**WHAT YOU WILL DO:**
Quote the lines below from the one containing "1Fはカジノです。スロットマ" to the final line, both ends included; exclude the pictures.

**INFORMATION SUPPLIED:**
--- --- ---

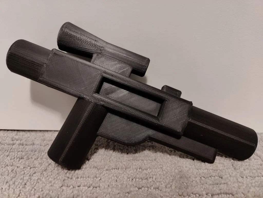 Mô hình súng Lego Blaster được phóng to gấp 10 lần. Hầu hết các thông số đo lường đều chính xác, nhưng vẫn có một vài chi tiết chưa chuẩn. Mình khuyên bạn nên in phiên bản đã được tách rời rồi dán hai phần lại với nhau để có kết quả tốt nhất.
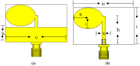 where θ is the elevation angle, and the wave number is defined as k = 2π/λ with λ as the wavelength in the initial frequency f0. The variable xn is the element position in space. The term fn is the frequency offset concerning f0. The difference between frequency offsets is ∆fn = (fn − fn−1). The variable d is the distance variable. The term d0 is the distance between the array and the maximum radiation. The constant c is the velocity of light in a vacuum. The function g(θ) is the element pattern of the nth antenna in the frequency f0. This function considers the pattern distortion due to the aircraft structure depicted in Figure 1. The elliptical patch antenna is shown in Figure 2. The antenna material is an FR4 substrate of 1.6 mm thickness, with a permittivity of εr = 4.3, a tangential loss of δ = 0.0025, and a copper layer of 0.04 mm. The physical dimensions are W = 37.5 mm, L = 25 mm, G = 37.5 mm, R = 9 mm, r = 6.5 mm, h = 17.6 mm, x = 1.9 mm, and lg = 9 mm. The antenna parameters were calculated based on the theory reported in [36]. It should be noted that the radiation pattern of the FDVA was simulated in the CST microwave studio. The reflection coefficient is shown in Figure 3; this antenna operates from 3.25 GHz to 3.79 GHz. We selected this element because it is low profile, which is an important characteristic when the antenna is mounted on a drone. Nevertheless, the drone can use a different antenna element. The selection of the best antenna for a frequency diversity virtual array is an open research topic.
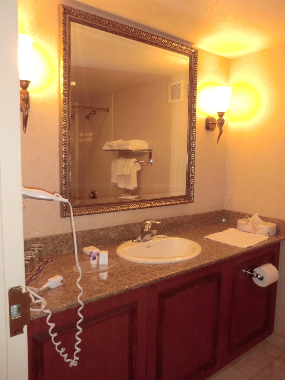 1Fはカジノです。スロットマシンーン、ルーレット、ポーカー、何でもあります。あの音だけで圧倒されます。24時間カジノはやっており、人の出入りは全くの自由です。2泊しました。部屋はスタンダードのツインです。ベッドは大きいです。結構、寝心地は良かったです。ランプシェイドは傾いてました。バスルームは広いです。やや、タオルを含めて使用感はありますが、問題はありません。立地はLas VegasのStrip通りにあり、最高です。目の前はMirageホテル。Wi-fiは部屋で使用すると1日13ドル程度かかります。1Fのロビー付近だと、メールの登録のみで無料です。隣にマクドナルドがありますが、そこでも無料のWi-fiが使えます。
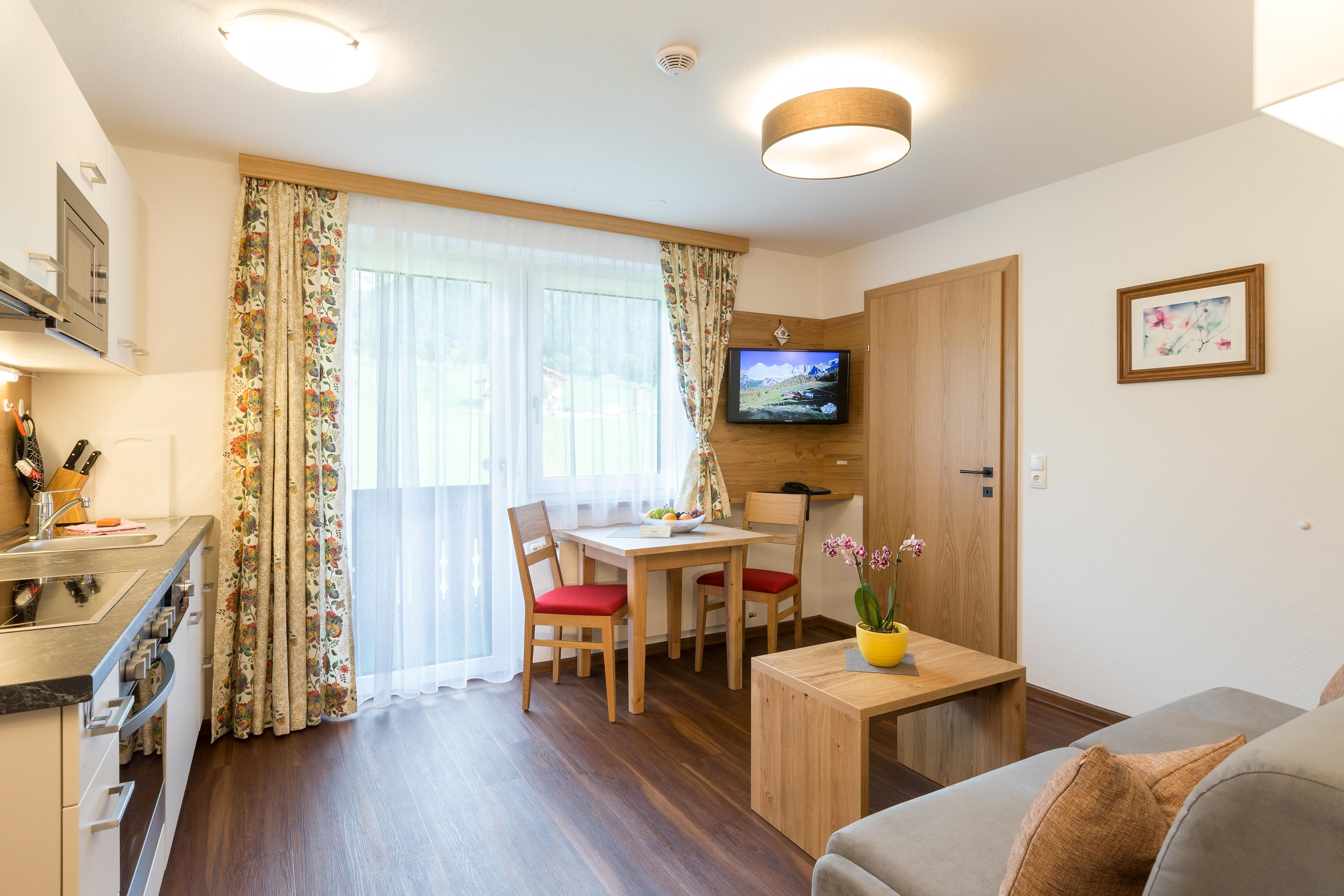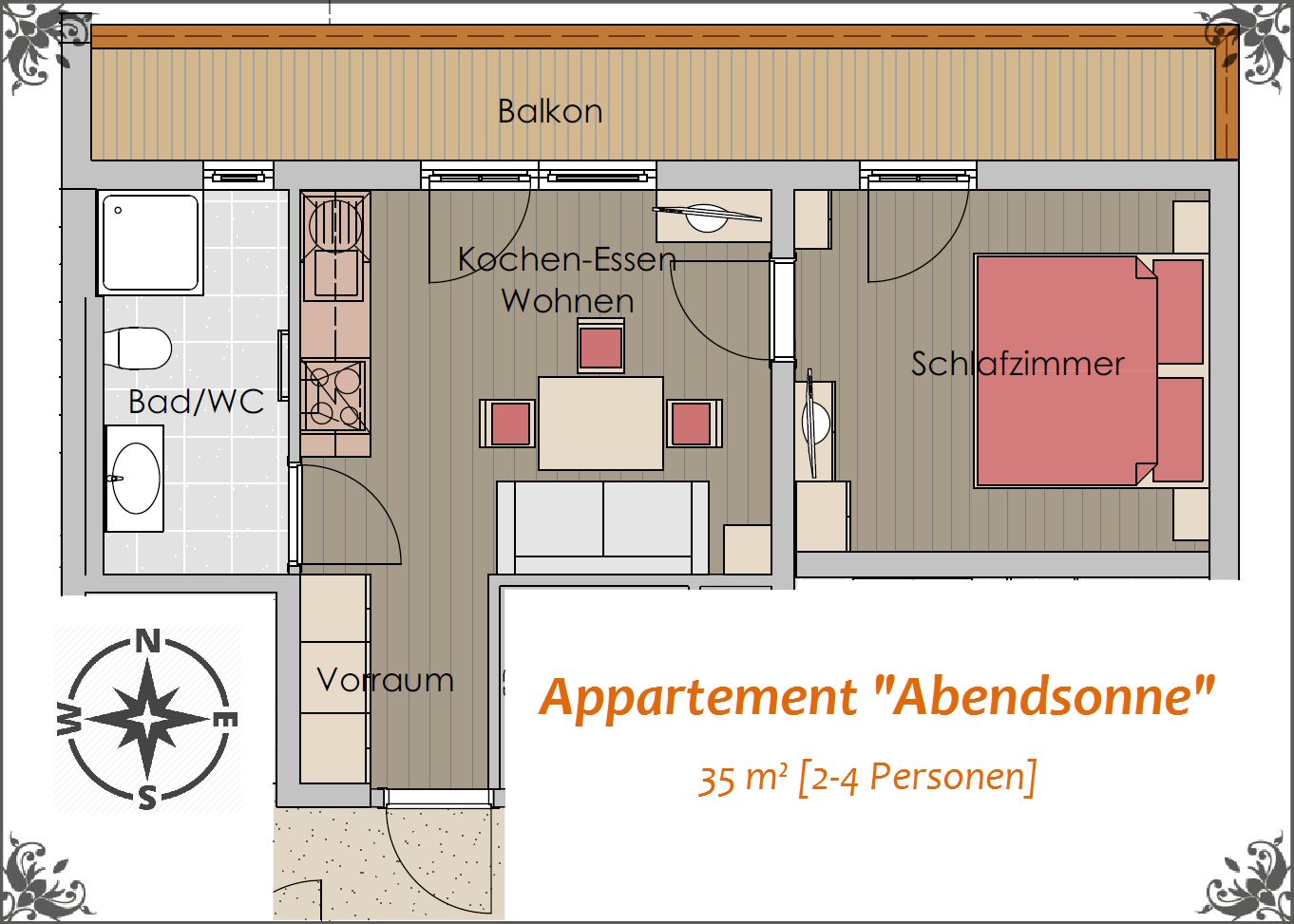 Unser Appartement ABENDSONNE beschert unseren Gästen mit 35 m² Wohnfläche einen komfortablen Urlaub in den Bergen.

--- --- ---

**EXERCISE OUTPUT:**
 1Fはカジノです。スロットマシンーン、ルーレット、ポーカー、何でもあります。あの音だけで圧倒されます。24時間カジノはやっており、人の出入りは全くの自由です。2泊しました。部屋はスタンダードのツインです。ベッドは大きいです。結構、寝心地は良かったです。ランプシェイドは傾いてました。バスルームは広いです。やや、タオルを含めて使用感はありますが、問題はありません。立地はLas VegasのStrip通りにあり、最高です。目の前はMirageホテル。Wi-fiは部屋で使用すると1日13ドル程度かかります。1Fのロビー付近だと、メールの登録のみで無料です。隣にマクドナルドがありますが、そこでも無料のWi-fiが使えます。
 Unser Appartement ABENDSONNE beschert unseren Gästen mit 35 m² Wohnfläche einen komfortablen Urlaub in den Bergen.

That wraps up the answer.